Japan Proposes Region-Wide Free Trade Pact

April 4, 2006
Japan's trade minister, Toshihiro Nikai, on April 4, proposed talks on a region-wide free trade pact in East Asia to group 16 nations in an economic community. The minister of economy, trade and industry said he would propose the talks start in 2008 and ...

Japan's trade minister, Toshihiro Nikai, on April 4, proposed talks on a region-wide free trade pact in East Asia to group 16 nations in an economic community. The minister of economy, trade and industry said he would propose the talks start in 2008 and involve the 10-member Association of Southeast Asian Nations, China, South Korea, India, Australia and New Zealand.

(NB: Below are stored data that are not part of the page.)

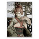 3D digital render of a beautiful vintage geisha wearing traditional clothes sitting in a pavilion, blue sky and cherry blossom background, drawing effect
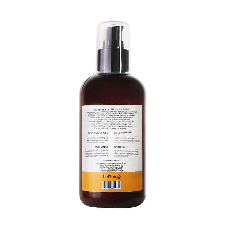 Güneşin Ultraviyole ışınlarından korumada en etkili bitkisel yağ olan soğuk sıkım Hindistan Cevizi Yağı, Kuşburnu Çekirdeği Yağı, Aloe vera ve Portakal uçucu yağı ile formül edilmiştir.İçeriğindeki doğal yağlarla kadifemsi, pürüzsüz,canlı bir görüntü oluşturur.
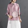 Chinese Style Retro Cotton and Linen Shirt Women's Spring and Summer Chinese Style Stand-up Collar Buttoned Top Embroidered Tea Dress
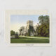Postcard with a digitally cleaned and enhanced vintage illustration of Downton Hall, near Ludlow, Shropshire, England by Francis Orpen Morris from 1870, pictures a gothic revival style house that resembles a medieval castle.
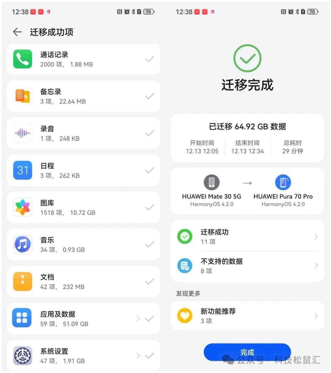 性能方面,Pura70Pro強太多,麒麟9010對比麒麟990 5G還是要強不少的,對於不玩遊戲的我來說,用3-5年沒啥問題。華爲Pura70Pro出廠預裝的鴻蒙4.0,到手後升級了鴻蒙4.2,使用起來確實比mate30更流暢,從mate30遷移資料過來也很快,65G的資料,29分鐘完成,同品牌換機確實很方便。
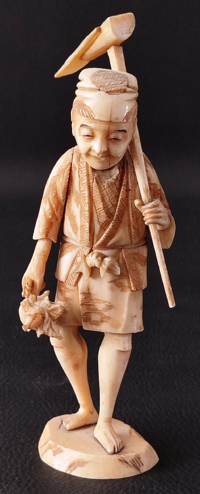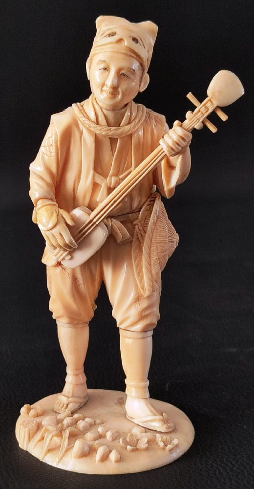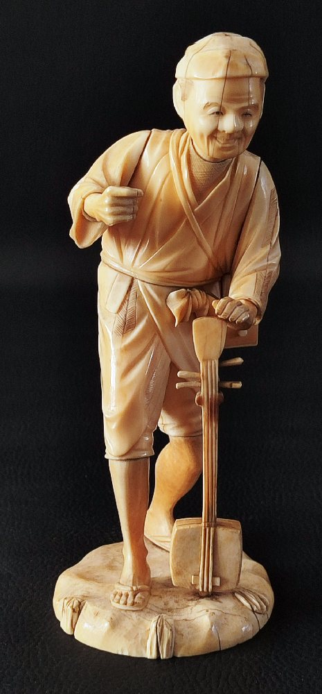 19th C. Japanese ivory figure of a musician with folded hat 18cms
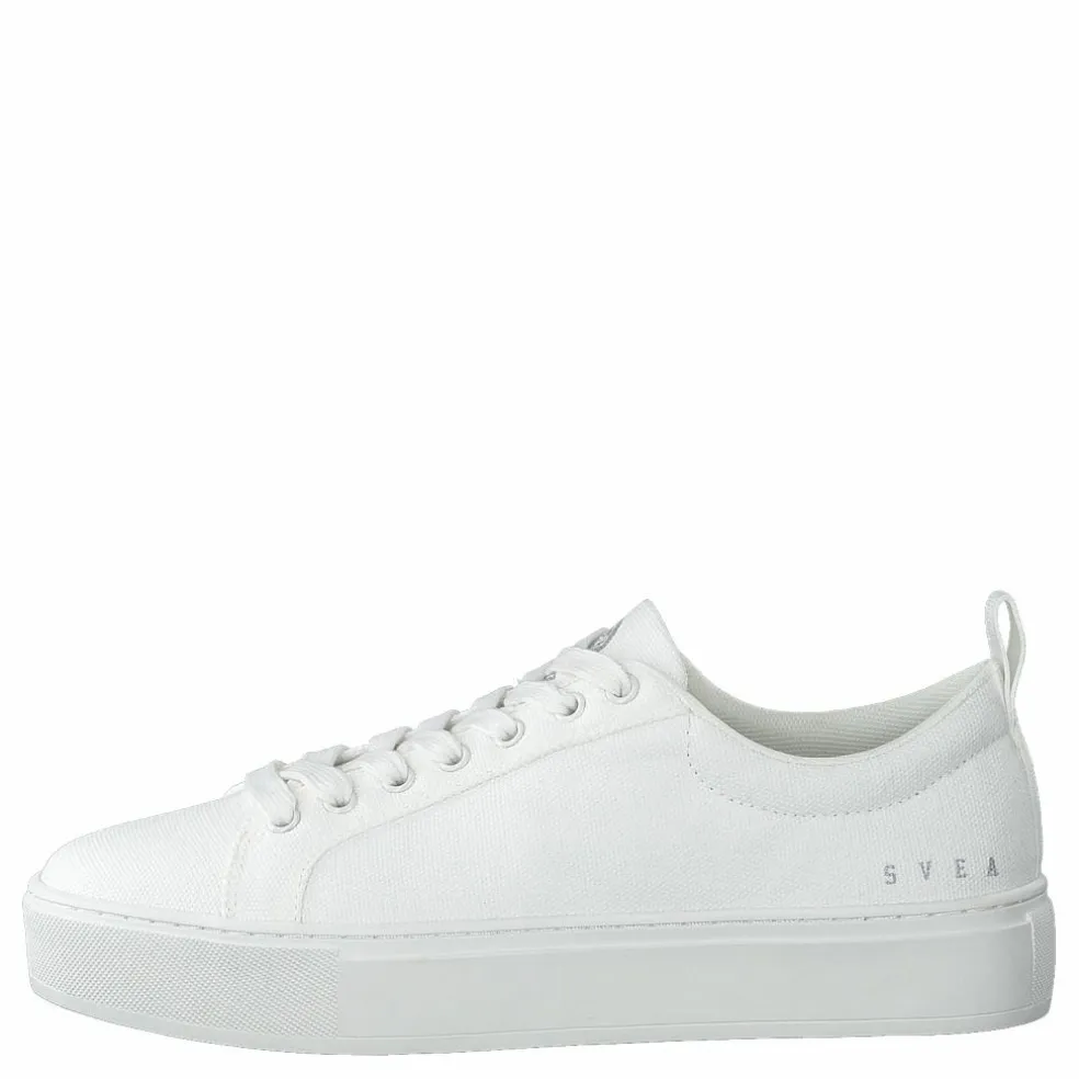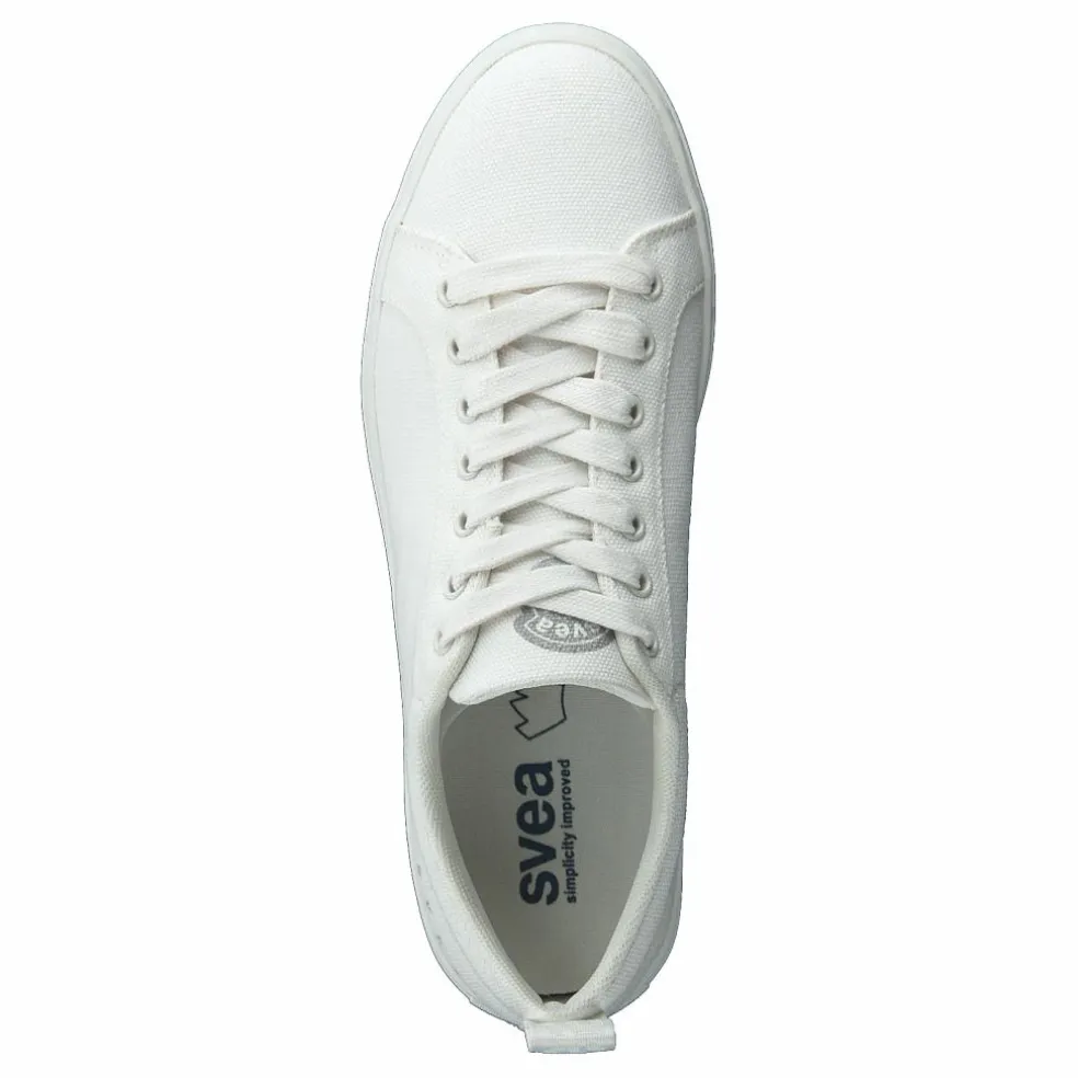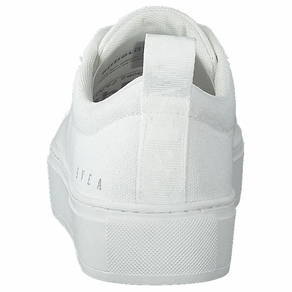 En klassisk sneaker med rund tå i canvastyg. Har gummisula med lätt platå och snörning. Har en liten svealogga på utsidan av skorna och baktill ett vävt sveaband.

"I want to advocate the idea of an economic partnership linking comprehensive FTAs (free trade agreements) in the whole of East Asia," Nikai told a news conference. The minister said he would put forward the proposal on April 7 at a meeting of the government's policy-setting Council on Economic and Fiscal Policy headed by Prime Minister Junichiro Koizumi.

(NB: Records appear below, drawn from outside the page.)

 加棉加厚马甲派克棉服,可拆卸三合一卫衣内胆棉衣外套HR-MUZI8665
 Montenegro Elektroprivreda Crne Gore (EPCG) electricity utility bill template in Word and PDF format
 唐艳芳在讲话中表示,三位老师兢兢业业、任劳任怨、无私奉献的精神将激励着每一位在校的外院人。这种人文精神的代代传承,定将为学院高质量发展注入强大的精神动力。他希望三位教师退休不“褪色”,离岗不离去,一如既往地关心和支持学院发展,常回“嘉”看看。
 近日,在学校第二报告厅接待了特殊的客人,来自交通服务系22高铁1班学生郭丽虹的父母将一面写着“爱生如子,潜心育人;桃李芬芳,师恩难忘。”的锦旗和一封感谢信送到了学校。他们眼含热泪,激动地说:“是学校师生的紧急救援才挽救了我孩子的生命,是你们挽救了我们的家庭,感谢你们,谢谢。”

Japan and the 15 other economies comprise the East Asian Summit, which was launched last December in Kuala Lumpur. Japan has been seeking to establish separate FTAs with the ASEAN, China, Australia and other countries in the region.

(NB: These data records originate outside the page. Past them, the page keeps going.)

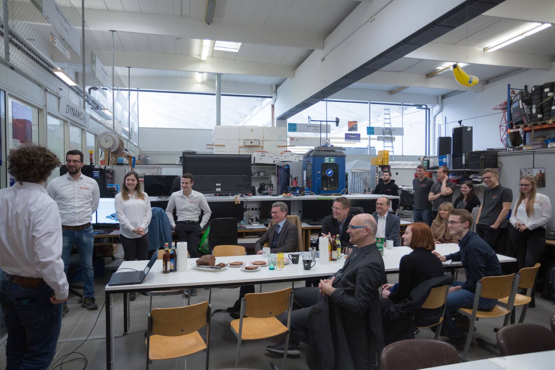 Nach der Begrüßung durch den Vorstand und einer Präsentation des Projekts wurde Minister Sibler durch die Werkstatt geführt. An verschiedenen Stationen wurden ihm Einblicke in die Arbeit des Formula Student Teams gewährt und er konnte selbst einen Eindruck davon gewinnen, was es heißt, einen Rennwagen zu bauen. Sibler äußerte sich zuversichtlich, dass das Starkstrom-Team auch weiterhin große Erfolge feiern und an der Spitze der Entwicklung im Bereich Autonomes Fahren sein wird.
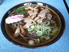 きのこそばと焼き鳥丼です。蕎麦は手打ち風でした、これならもりそばを食べてみたいかな?と思ったけど
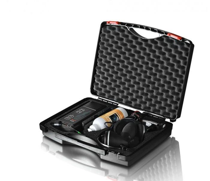 W komplecie znajduje się aparat, głowica, ładowarka akumulatora, żel oraz słuchawki – wszystko w poręcznej walizeczce.
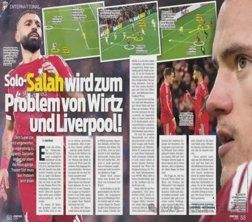 1、德國媒體《體育圖片報》用了兩個整版打通,指責(zé)“獨奏者”薩拉赫是維爾茨和利物浦本賽季表現(xiàn)不佳的“罪魁禍?zhǔn)住薄?/p>
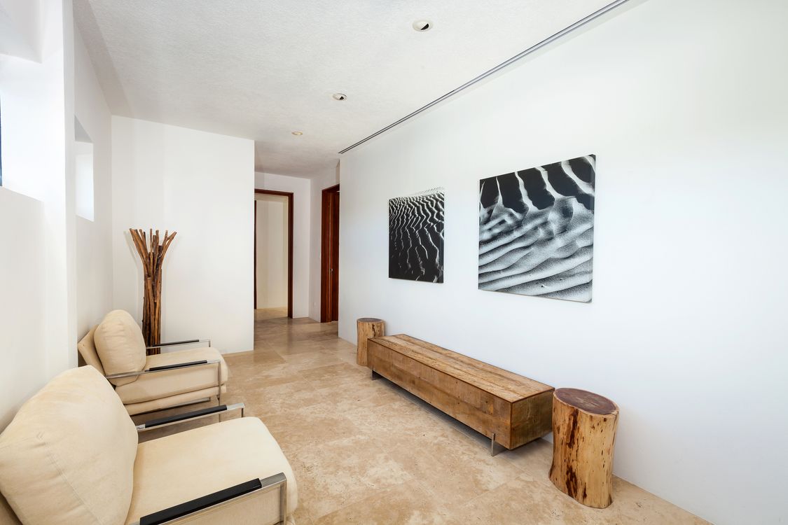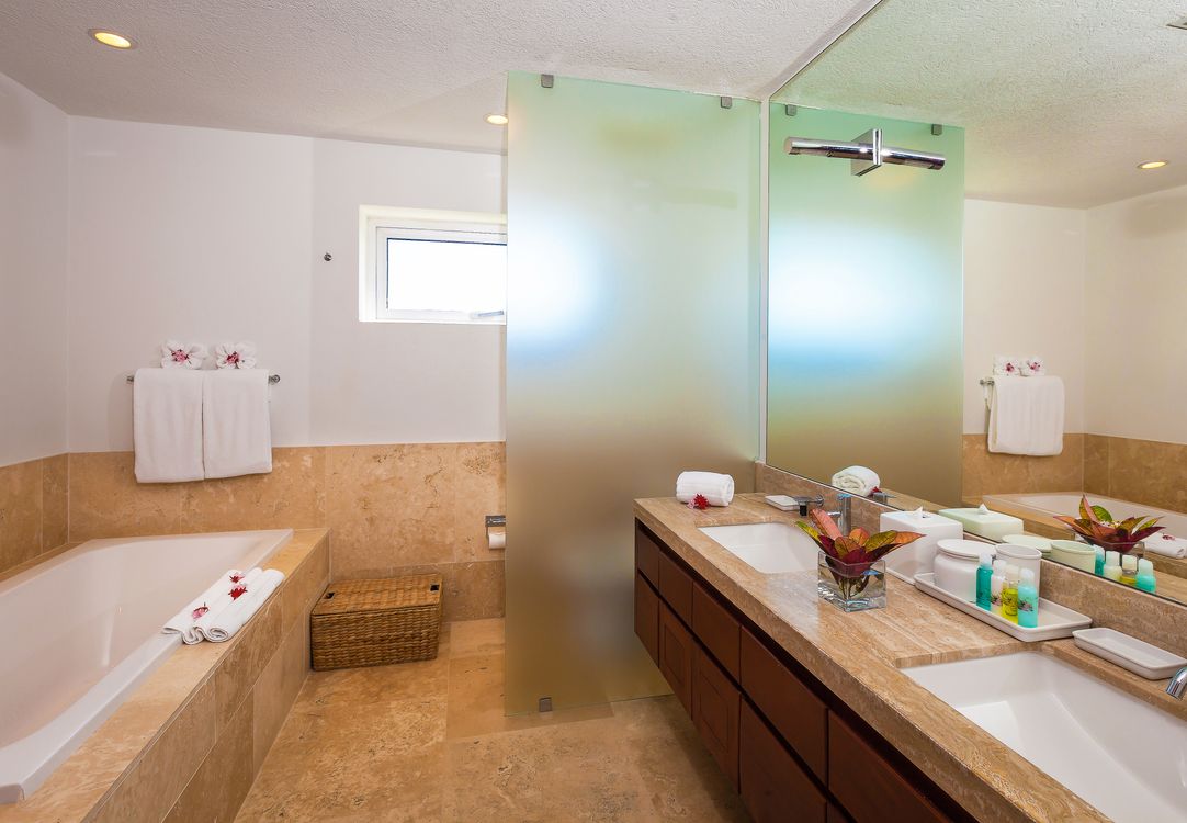 On the second floor, the villa features two master suites and two additional guest bedrooms, all meticulously designed to provide a luxurious and comfortable stay. The master suites are particularly impressive, with one offering a private balcony, a perfect place to enjoy the warmth of the sun and the tranquility of the surroundings. Both suites feature spacious walk-in closets and elegant bathrooms, ensuring a private retreat within the villa. The fifth bedroom on the first floor offers the same level of comfort and style, although it is the only room without ocean views.

The envisioned free trade zone, also joined by Hong Kong and Taiwan, could match the EU and the North American Free Trade Agreement in terms of economic scale and effects, with a population of three billion and gross domestic product of about nine trillion dollars.

Nikai also said Japan would propose the establishment of a policy coordinating mechanism in East Asia to be modeled after the Organization for Economic Cooperation and Development (OECD). As a first step, Japan plans to set up a research center with the ASEAN secretariat for policy analysis and proposals early next year, Nikai said.